Exercise instructions> Leaving out the images, repeat all the lines below exactly.

Data provided>
════════

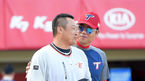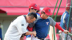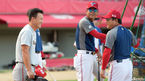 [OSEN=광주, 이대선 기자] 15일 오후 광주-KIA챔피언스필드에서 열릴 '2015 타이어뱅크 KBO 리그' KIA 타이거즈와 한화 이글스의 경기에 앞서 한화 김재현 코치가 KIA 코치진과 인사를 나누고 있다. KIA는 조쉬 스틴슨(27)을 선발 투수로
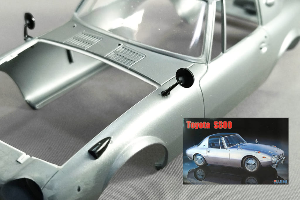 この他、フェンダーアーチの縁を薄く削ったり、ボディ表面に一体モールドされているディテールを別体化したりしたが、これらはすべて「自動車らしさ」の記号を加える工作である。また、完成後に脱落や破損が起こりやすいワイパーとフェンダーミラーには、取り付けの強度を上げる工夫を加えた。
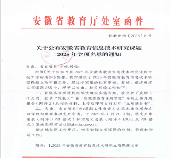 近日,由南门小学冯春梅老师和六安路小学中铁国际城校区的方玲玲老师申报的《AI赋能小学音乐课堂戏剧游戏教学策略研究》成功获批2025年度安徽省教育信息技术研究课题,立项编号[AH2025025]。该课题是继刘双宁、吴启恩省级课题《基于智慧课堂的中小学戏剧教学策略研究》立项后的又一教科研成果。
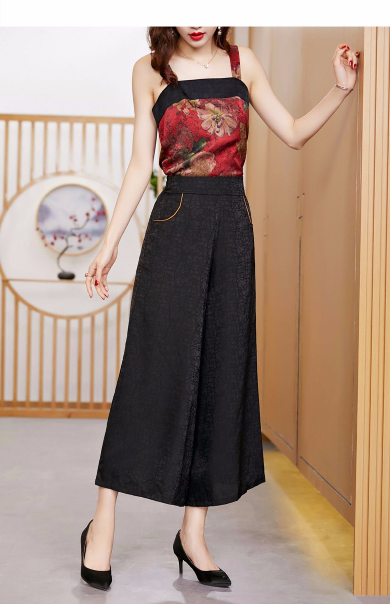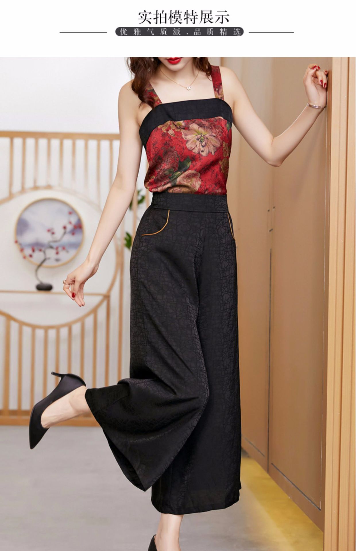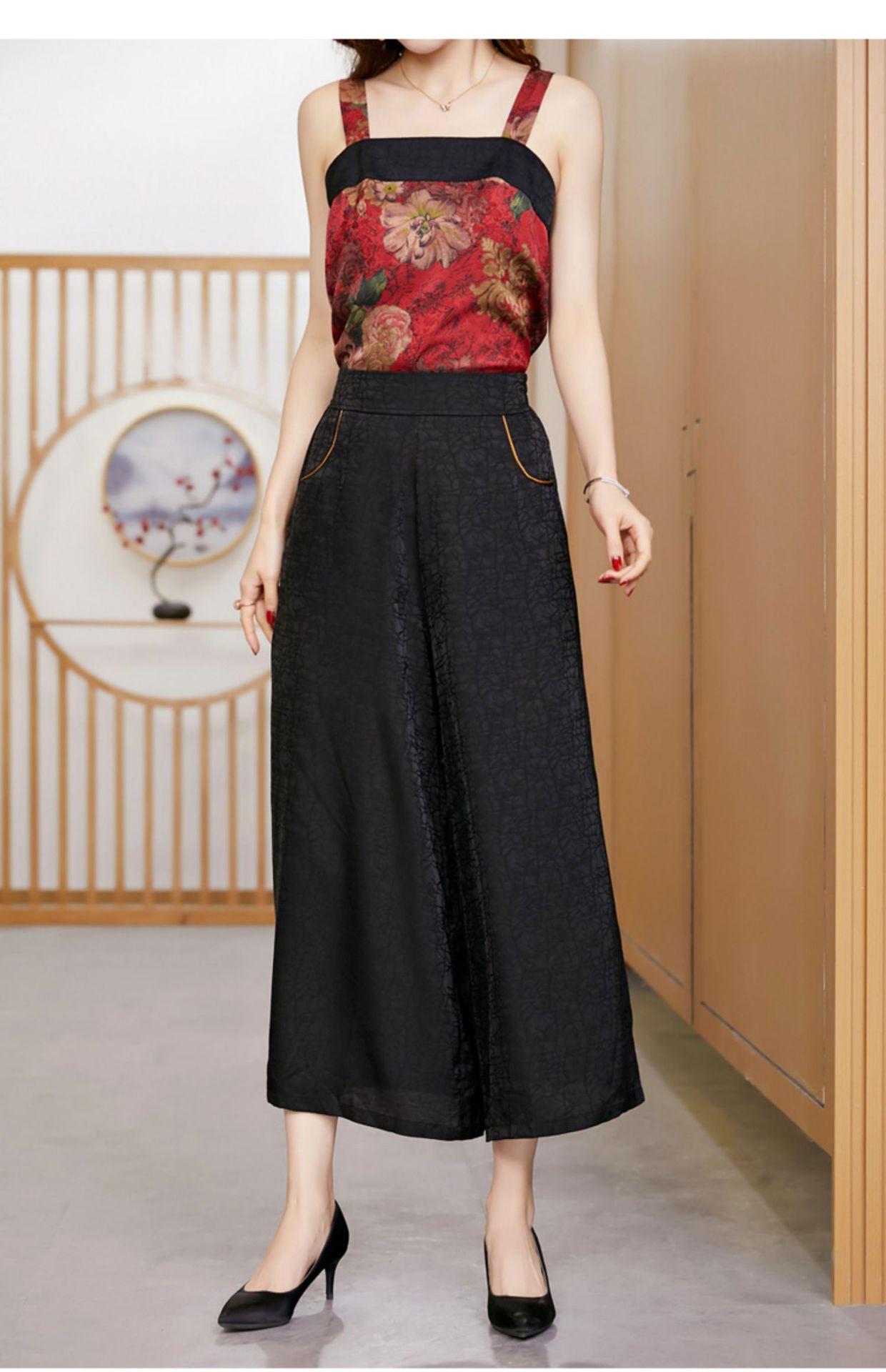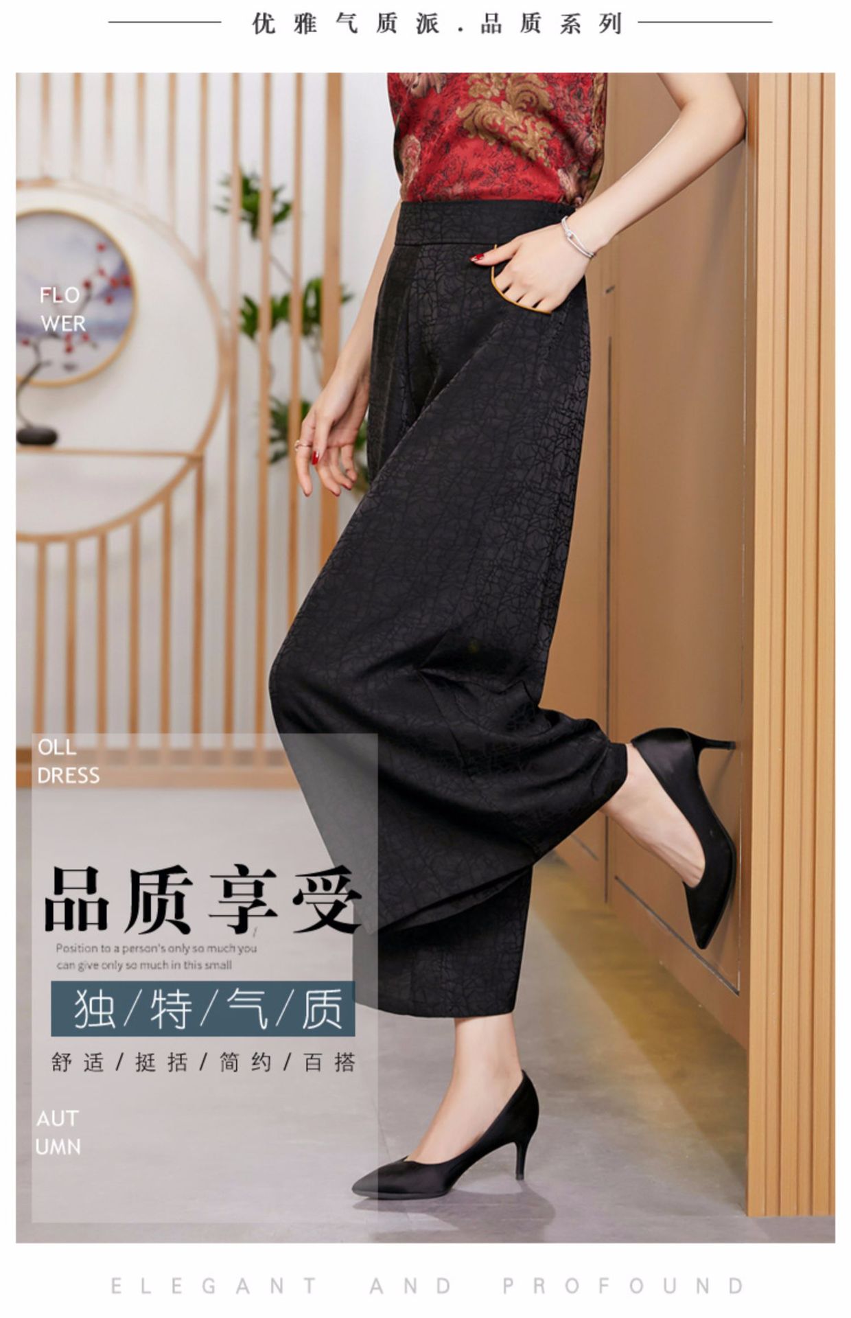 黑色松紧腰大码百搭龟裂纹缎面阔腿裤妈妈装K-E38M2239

════════

Answer space>
 [OSEN=광주, 이대선 기자] 15일 오후 광주-KIA챔피언스필드에서 열릴 '2015 타이어뱅크 KBO 리그' KIA 타이거즈와 한화 이글스의 경기에 앞서 한화 김재현 코치가 KIA 코치진과 인사를 나누고 있다. KIA는 조쉬 스틴슨(27)을 선발 투수로
 この他、フェンダーアーチの縁を薄く削ったり、ボディ表面に一体モールドされているディテールを別体化したりしたが、これらはすべて「自動車らしさ」の記号を加える工作である。また、完成後に脱落や破損が起こりやすいワイパーとフェンダーミラーには、取り付けの強度を上げる工夫を加えた。
 近日,由南门小学冯春梅老师和六安路小学中铁国际城校区的方玲玲老师申报的《AI赋能小学音乐课堂戏剧游戏教学策略研究》成功获批2025年度安徽省教育信息技术研究课题,立项编号[AH2025025]。该课题是继刘双宁、吴启恩省级课题《基于智慧课堂的中小学戏剧教学策略研究》立项后的又一教科研成果。
 黑色松紧腰大码百搭龟裂纹缎面阔腿裤妈妈装K-E38M2239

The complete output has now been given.